### [Data for this task]
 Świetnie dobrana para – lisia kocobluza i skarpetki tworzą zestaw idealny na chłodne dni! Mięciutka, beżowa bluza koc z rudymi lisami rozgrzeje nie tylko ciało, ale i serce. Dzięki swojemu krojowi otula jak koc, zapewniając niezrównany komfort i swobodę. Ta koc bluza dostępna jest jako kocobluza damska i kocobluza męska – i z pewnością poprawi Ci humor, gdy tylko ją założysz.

* * *

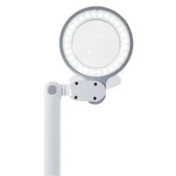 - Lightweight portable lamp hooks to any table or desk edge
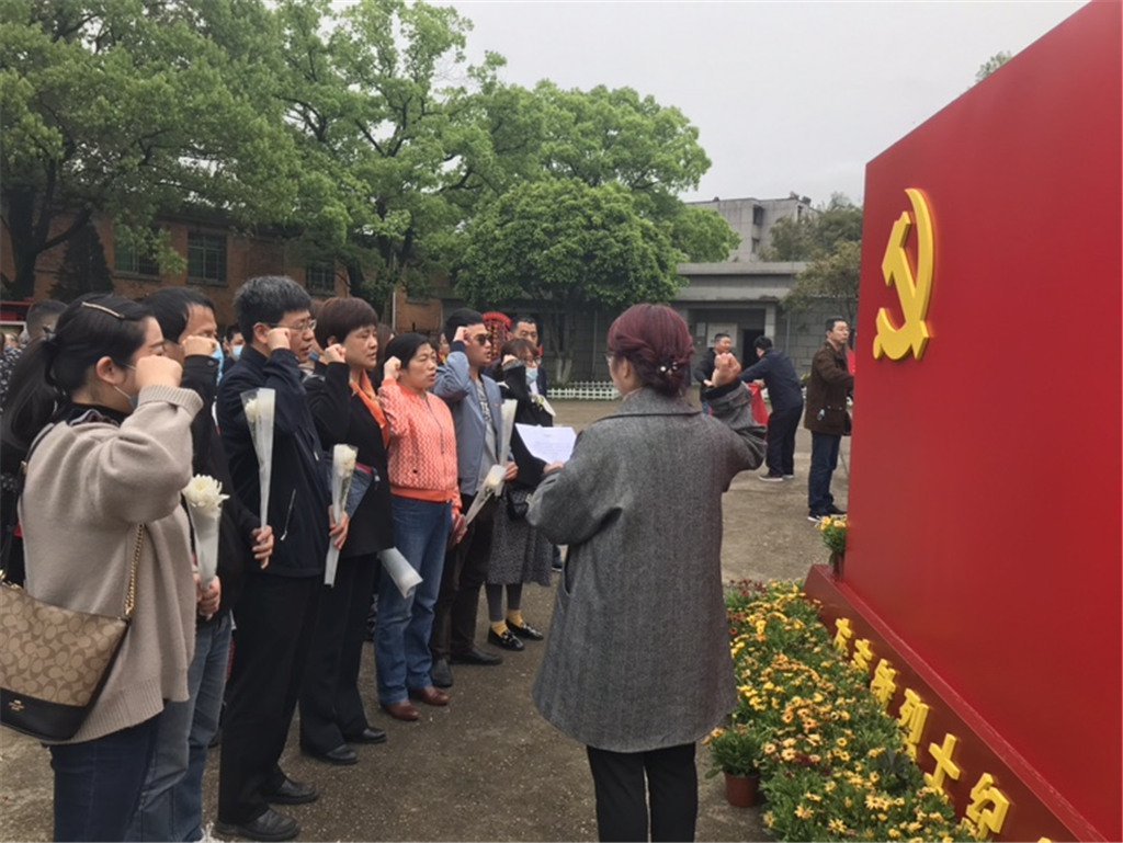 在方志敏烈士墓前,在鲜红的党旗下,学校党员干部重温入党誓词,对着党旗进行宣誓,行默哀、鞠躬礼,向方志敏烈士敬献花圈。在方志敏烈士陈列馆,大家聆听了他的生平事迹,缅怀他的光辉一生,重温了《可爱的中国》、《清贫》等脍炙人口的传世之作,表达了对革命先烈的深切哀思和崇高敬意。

### [About this exercise]
Copy exactly the material above from the line with "- Lightweight portable" to the line with "在方志敏烈士墓前,在鲜红的党", ends included, and nothing else. Leave out any picture.

### [Answer area]
 - Lightweight portable lamp hooks to any table or desk edge
 在方志敏烈士墓前,在鲜红的党旗下,学校党员干部重温入党誓词,对着党旗进行宣誓,行默哀、鞠躬礼,向方志敏烈士敬献花圈。在方志敏烈士陈列馆,大家聆听了他的生平事迹,缅怀他的光辉一生,重温了《可爱的中国》、《清贫》等脍炙人口的传世之作,表达了对革命先烈的深切哀思和崇高敬意。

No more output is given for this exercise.